The priest (in Latin sacerdos, plural sacerdotes) is, in Roman religion, an official figure responsible for the care, supervision, and control of everything concerning the gods, any object or being belonging to them, any act directed towards them (offerings, sacrifices), and any phenomenon considered a particular sign of their will. The word sacerdos comes from the adjective sacer (“sacred”) and dos, a word related to the root da, which expresses the idea of giving.

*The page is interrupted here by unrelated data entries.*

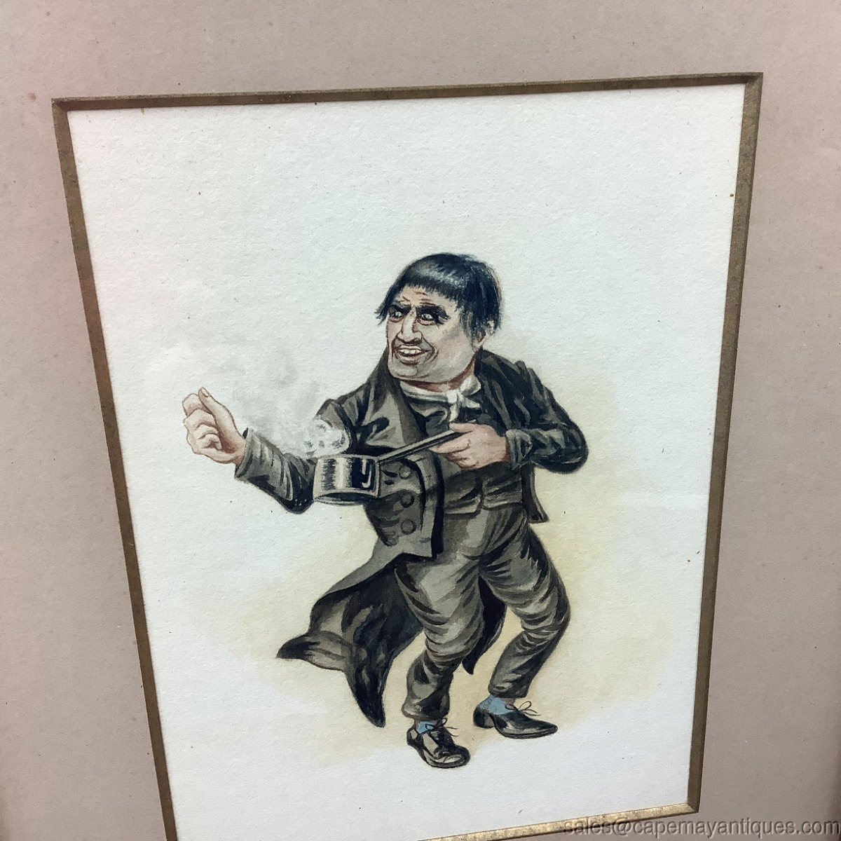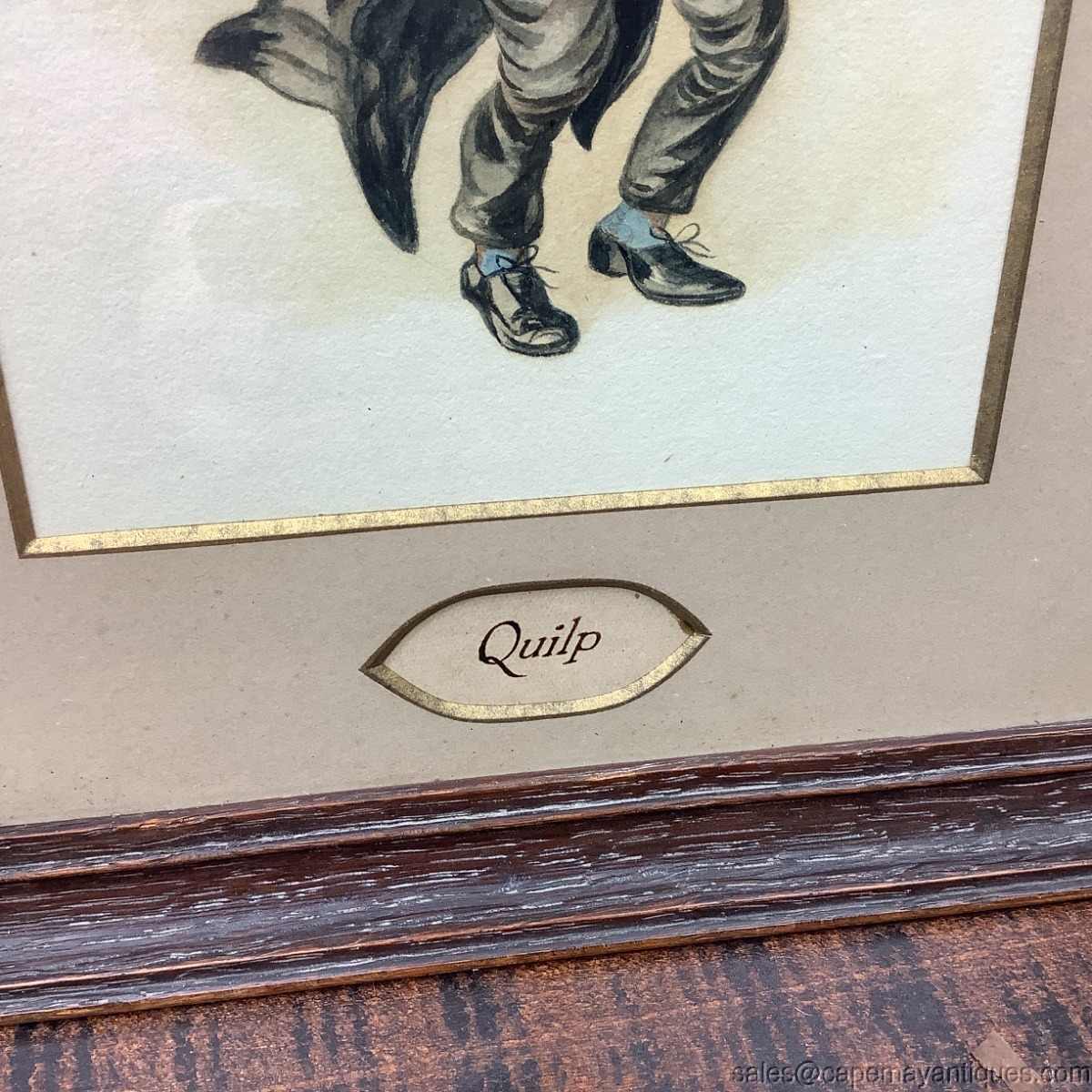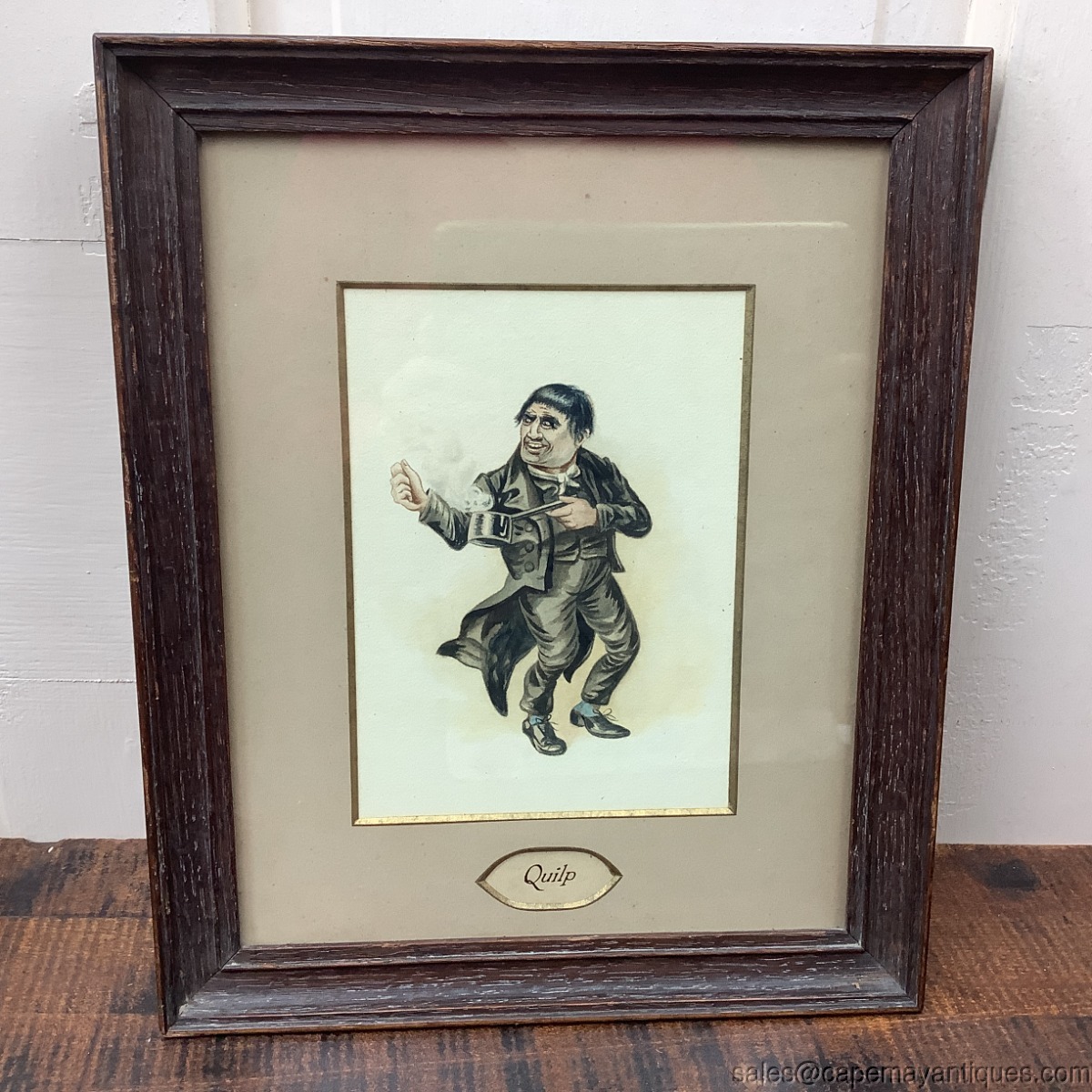 Quite old and in good condition. Most likely original frame, matting and glass. This depiction of Quilp varies slightly from others I researched by Joseph Clayton Clarke as the background is light in color where other show a darkened cloud behind him. The frame measures 11.5" by 9.5". The visible print is 4.75" by 6.5". Not sure what type of print this represents ie. litho or engraving. Could even be hand colored. Lovely gold accents surrounding his name and the inner print. Here Quilp is enjoying boiling tea with out showing any discomfort, as referenced with steaming pot in his hand. Good condition for it's age with print well protected under glass. The frame has some minor wear on edges.
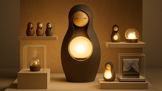 Дизайнер Вера Дикушкина представила на конкурс русских многофункциональных матрёшек в японском современном минималистичном стиле Shizuka, которые были спроектированы для ульяновского АО «УМЗ». Это не народная игрушка, а полноценный арт-объект, который буквально вмещает в себя светильник, аромадиффузор или акустическую колонку. Центральная сфера — «сердце» матрёшки — это модульная деталь, которая позволяет легко менять назначение предмета. Можно установить светильник с мягкой LED-подсветкой с эффектом «дыхания», когда свет колышется в ритме вдох — выдох, полупрозрачную сферу с резервуаром для ароматизации помещения или универсальный динамик.
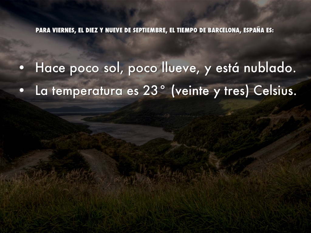 PARA VIERNES, EL DIEZ Y NUEVE DE SEPTIEMBRE, EL TIEMPO DE BARCELONA, ESPAÑA ES:
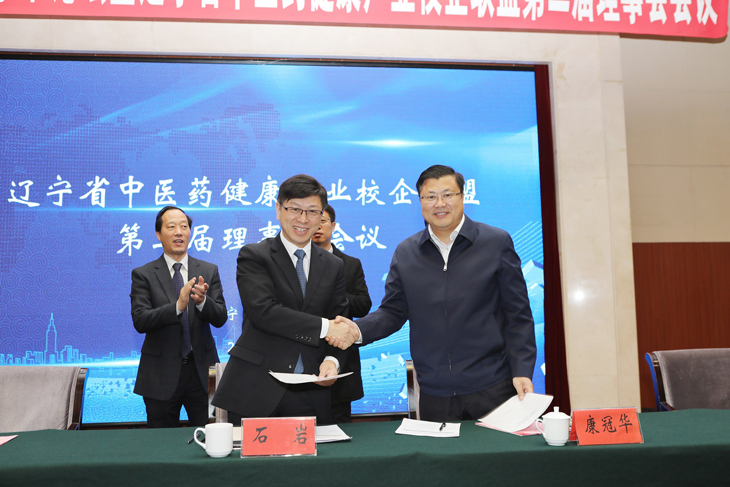 大會(huì)分為兩部分,上午為遼寧省中醫(yī)藥健康產(chǎn)業(yè)校企聯(lián)盟第二屆理事會(huì)會(huì)議。會(huì)上,關(guān)雪峰匯報(bào)了遼寧省中醫(yī)藥健康產(chǎn)業(yè)校企聯(lián)盟成立以來的工作情況以及2019年的重點(diǎn)工作計(jì)劃。遼寧和潤德健康管理有限公司等3個(gè)新增聯(lián)盟成員單位分別作了代表性發(fā)言。到會(huì)的聯(lián)盟成員單位審議并表決通過聯(lián)盟理事會(huì)成員建議名單,提名并表決通過聯(lián)盟理事會(huì)理事長、副理事長人選,聯(lián)盟理事會(huì)理事長任命了聯(lián)盟理事會(huì)秘書長、副秘書長,聯(lián)盟理事會(huì)成員審議了遼寧省中醫(yī)藥健康產(chǎn)業(yè)校企聯(lián)盟第一屆專家委員會(huì)建議名單。依托聯(lián)盟,學(xué)校與西豐縣人民政府簽訂了共建鹿產(chǎn)業(yè)技術(shù)研究院協(xié)議,與江陰天江藥業(yè)有限公司等4家企業(yè)簽訂了校企共建項(xiàng)目協(xié)議,與大連斯威中醫(yī)藥研發(fā)中心、遼寧佰福藥業(yè)有限公司簽訂了技術(shù)服務(wù)協(xié)議。
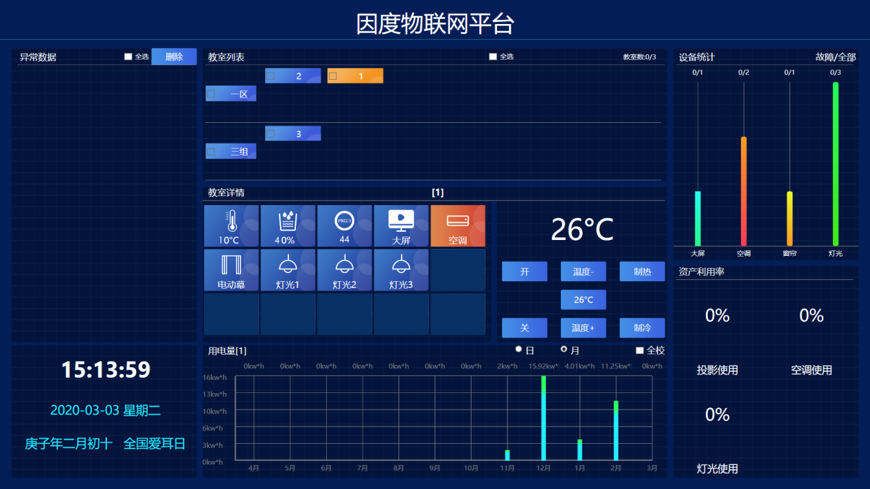 產品詳細介紹方案構成 因度智慧教室物聯網解決方案包括了:windows端大數據管理平臺、手機(安卓)端教室物聯APP、教室內液晶控制面板、空調用電量統計模塊、紅外遙控模塊、燈光控制模塊、電動窗簾控制模塊、PM2.5檢測模塊、煙霧報警模塊、溫濕度檢測模塊等。 方案特點 1.簡單易用。設備狀態一目了然,可輕松實現一鍵開、關機及設備組合使用;可快速分區域遠程控制指定設備。 2.綠色節能。自動檢測各設備運行狀況,實時記錄設備功耗,在控制設備使用成本的同時也延長設備的使用壽命。 3.大數據采集分析。實時采集設備狀態和環境數據,自動對監測數據進行匯總、分析,為管理人員更新和采購設備提供決策支持。 4.安全智能。通過設定異常提醒,及時發現安全隱患并迅速通知相關工作人員,確保校園內人員及設備的安全。 5.實時監控。通過溫度、濕度、煙塵、有害氣體及設備的實時監測和控制,及時掌握校園教學情況。 兼容拓展。可實現局域網廣域網等多種模式,實現教室端液晶面板控制,遠程手機app控制和windows集中大數據管理。 聯系人:駱永強 電話:13722722593 |
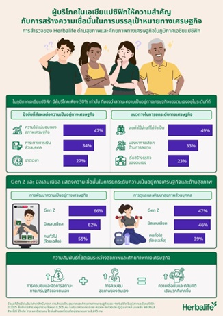 กรุงเทพฯ – เฮอร์บาไลฟ์ บริษัทและแพลตฟอร์มด้านสุขภาพและความเป็นอยู่ที่ดีชั้นนำระดับโลก เผยผลสำรวจใหม่จาก Asia Pacific (APAC) Health and Economic Empowerment Survey 2025 หรือแบบสำรวจด้านสุขภาพและการเสริมสร้างศักยภาพทางเศรษฐกิจในภูมิภาคเอเชียแปซิฟิก (APAC) ปี 2568 ซึ่งพบว่ามีผู้บริโภคเพียง 2 ใน 5 หรือ 43% เท่านั้นที่รู้สึกว่าตนเองมีศักยภาพสูงในการพัฒนาความเป็นอยู่ทางเศรษฐกิจ และมีเพียง 1 ใน 3 เท่านั้นที่มั่นใจว่าจะบรรลุเป้าหมายทางการเงินในอีก 12 เดือนข้างหน้า ด้วยเหตุนี้ หลายคนจึงวางแผนที่จะลดค่าใช้จ่ายที่ไม่จำเป็น รวมถึงลงทุน หรือเริ่มต้นธุรกิจเพื่อเพิ่มโอกาสในการบรรลุเป้าหมาย
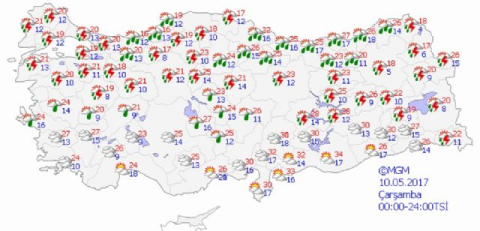 Yurt genelinin parçalı ve çok bulutlu, Marmara, Kuzey Ege, İç Anadolu'nun kuzeyi, Karadeniz, Doğu Anadolu ile Niğde, Kayseri ve Nevşehir çevrelerinin sağanak ve yer yer gök gürültülü sağanak yağışlı geçeceği tahmin ediliyor. Yağışların Orta ve Doğu Karadeniz ile Bartın çevrelerinde yerel olarak kuvvetli olması bekleniyor. Meteoroloji Genel Müdürlüğünden alınan tahminlere göre, hava sıcaklığının kuzeybatı kesimlerde 2 ila 5 derece azalacağı, iç ve doğu bölgelerde 2 ila 4 derece artacağı tahmin ediliyor. Rüzgar, genellikle güney ve güneybatı, Batı Karadeniz, İç Anadolu'nun batısı ile Kuzey Ege'de kuzey ve kuzeybatı yönlerden hafif, ara sıra orta kuvvette, Doğu Akdeniz'in iç kesimleri, İç Anadolu'nun güney ve doğusu, Orta ve Doğu Karadeniz'in iç kesimleri ile Doğu Anadolu'da kuvvetli ve yer yer kısa süreli fırtına (50-80 yer yer 100 Km/sa) şeklinde esmesi bekleniyor. Bazı illerde beklenen hava durumuyla günün en yüksek sıcaklıkları ise şöyle:
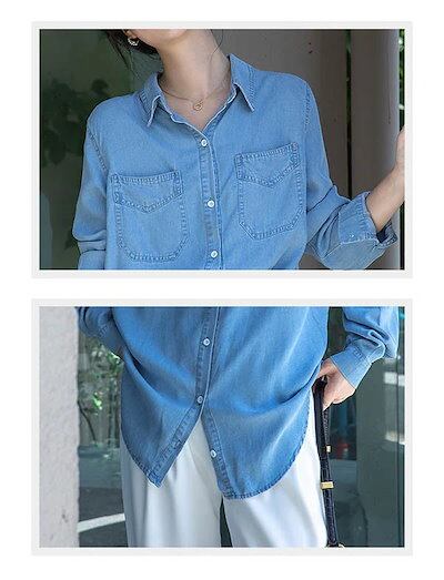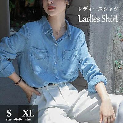 最終在庫デニムシャツ ブラウス レディースシャツ トップス 薄手 涼しい 前開き ボタン 胸ポケット 長袖あり 袖付き カジュアル リゾート おしゃれ サマー 韓国風 可愛い かわいい 夏 デニムブル
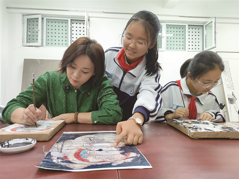 “泥板岩彩壁画”美术课,由该校美术教师高慧华2023年9月开设,她把以龟兹壁画为主,涵盖柏孜克里克千佛洞壁画、北庭西大寺壁画等具有代表性的新疆洞窟壁画技艺,变成学生们可触、可感、可传承的“活”的艺术。
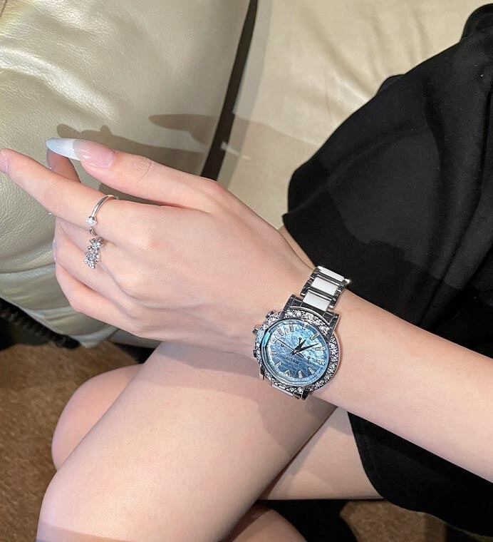 <3Color>ぎっしりビジュー×オーロラ文字盤・セラミックウォッチ M3 -0118
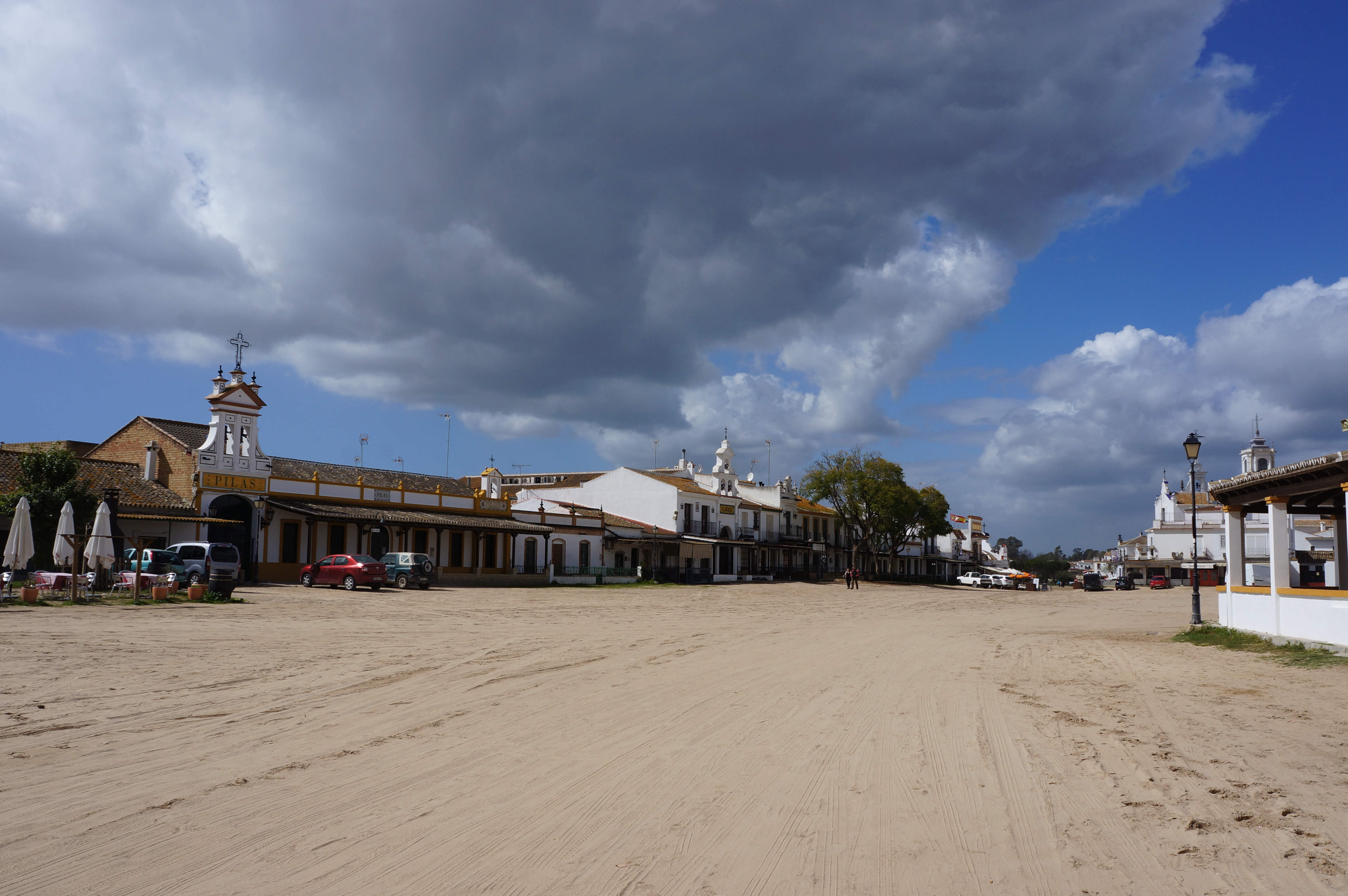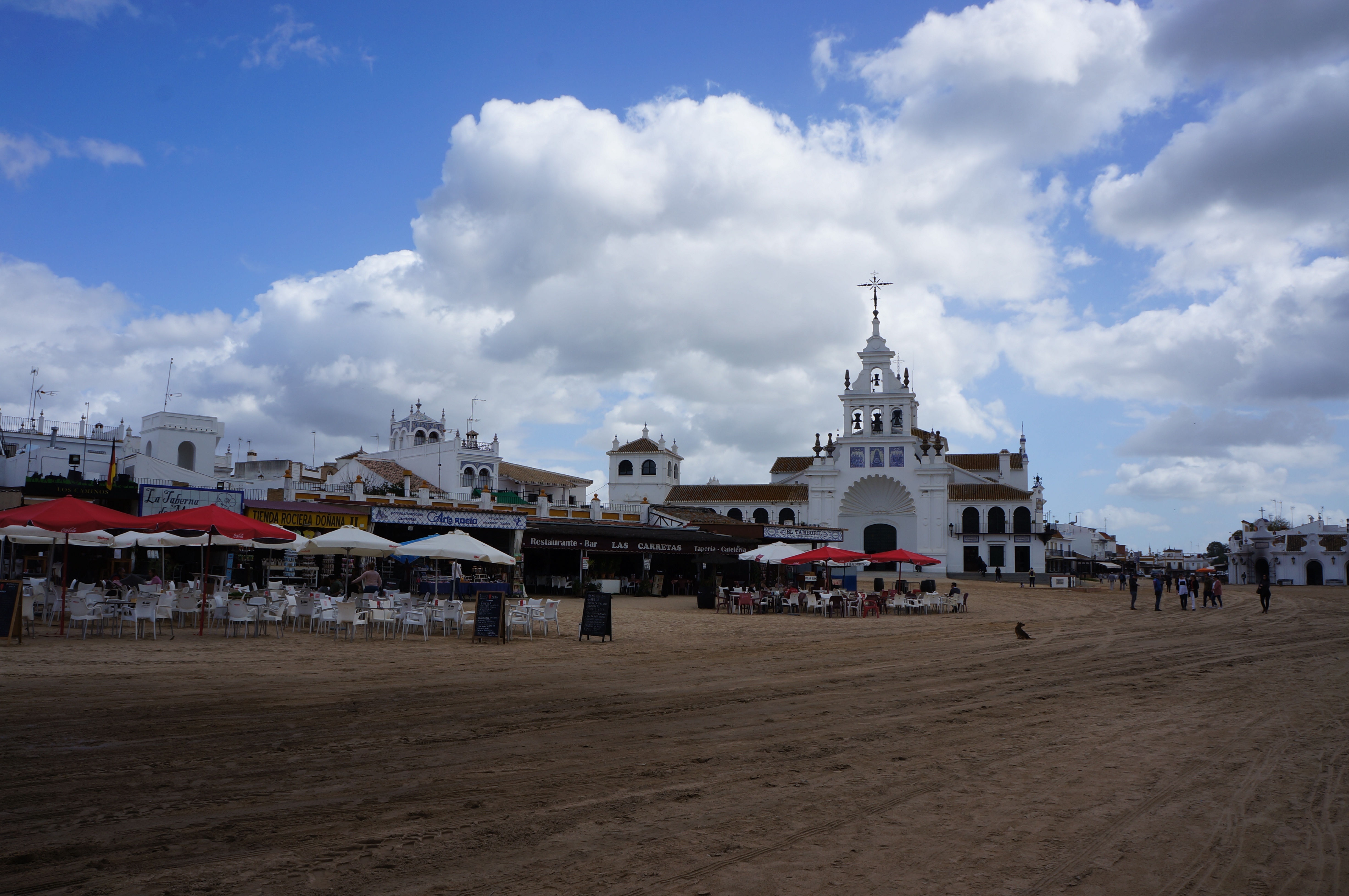 El Rocio looks like a film set from a spaghetti western – sandy streets, well-kept old little houses and horse-drawn carriages. It is quite empty and has the atmosphere of a ghost town. However, El Rocio hosts an annual pilgrimage at Pentecost and things change completely: at the festival “Romería Del Rocío” nearly a million people come to this little town to honour the saint and enjoy the party atmosphere. Hard to imagine!

The sacerdos did not have, in ancient Rome, exclusivity over the practice of the usual rites of worship, such as prayers, libations, sacrifices, vows, dedications, etc., whether in their private capacity or on behalf of the state. Thus, magistrates performed or presided over religious ceremonies on behalf of the state, and heads of families rendered the prescribed honors to domestic or gentilicial deities. However, only the sacerdotes were “experts” or “professionals” in religious acts: indeed, even the most common sacrifices were performed according to meticulous rules that could not be observed without precise knowledge of the rites and extensive experience. Therefore, the sacerdotes publici populi romani were tasked with controlling and overseeing not only public worship but also private, domestic, and gentilicial religious ceremonies.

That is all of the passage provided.